What needs to be done:
Transcribe exactly everything in the data below from the line containing "The Mehre Reja" down to the line containing "Latitud- och longitud-karta-koordinater", both lines included and nothing further.

Excerpted data:
......

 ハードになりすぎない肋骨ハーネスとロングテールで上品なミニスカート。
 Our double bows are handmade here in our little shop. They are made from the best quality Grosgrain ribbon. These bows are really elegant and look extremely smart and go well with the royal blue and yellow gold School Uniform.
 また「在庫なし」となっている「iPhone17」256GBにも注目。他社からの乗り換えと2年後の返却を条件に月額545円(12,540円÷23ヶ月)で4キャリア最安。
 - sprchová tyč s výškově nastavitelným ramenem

......

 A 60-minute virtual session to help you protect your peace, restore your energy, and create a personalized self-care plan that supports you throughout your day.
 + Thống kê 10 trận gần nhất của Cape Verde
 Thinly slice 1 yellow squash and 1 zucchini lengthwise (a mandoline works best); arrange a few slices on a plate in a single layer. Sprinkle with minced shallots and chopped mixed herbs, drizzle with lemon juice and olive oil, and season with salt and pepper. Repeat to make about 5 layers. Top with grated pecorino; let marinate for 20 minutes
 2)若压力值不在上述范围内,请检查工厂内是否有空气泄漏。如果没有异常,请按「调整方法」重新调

......

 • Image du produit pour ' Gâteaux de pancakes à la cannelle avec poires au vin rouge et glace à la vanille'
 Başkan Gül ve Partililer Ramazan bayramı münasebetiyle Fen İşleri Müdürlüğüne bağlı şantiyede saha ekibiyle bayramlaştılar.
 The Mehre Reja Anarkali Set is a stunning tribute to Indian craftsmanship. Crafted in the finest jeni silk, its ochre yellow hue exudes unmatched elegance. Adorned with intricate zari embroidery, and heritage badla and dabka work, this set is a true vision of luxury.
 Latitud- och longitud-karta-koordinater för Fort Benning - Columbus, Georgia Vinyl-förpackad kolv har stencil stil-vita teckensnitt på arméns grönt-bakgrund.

......

Written response:
 The Mehre Reja Anarkali Set is a stunning tribute to Indian craftsmanship. Crafted in the finest jeni silk, its ochre yellow hue exudes unmatched elegance. Adorned with intricate zari embroidery, and heritage badla and dabka work, this set is a true vision of luxury.
 Latitud- och longitud-karta-koordinater för Fort Benning - Columbus, Georgia Vinyl-förpackad kolv har stencil stil-vita teckensnitt på arméns grönt-bakgrund.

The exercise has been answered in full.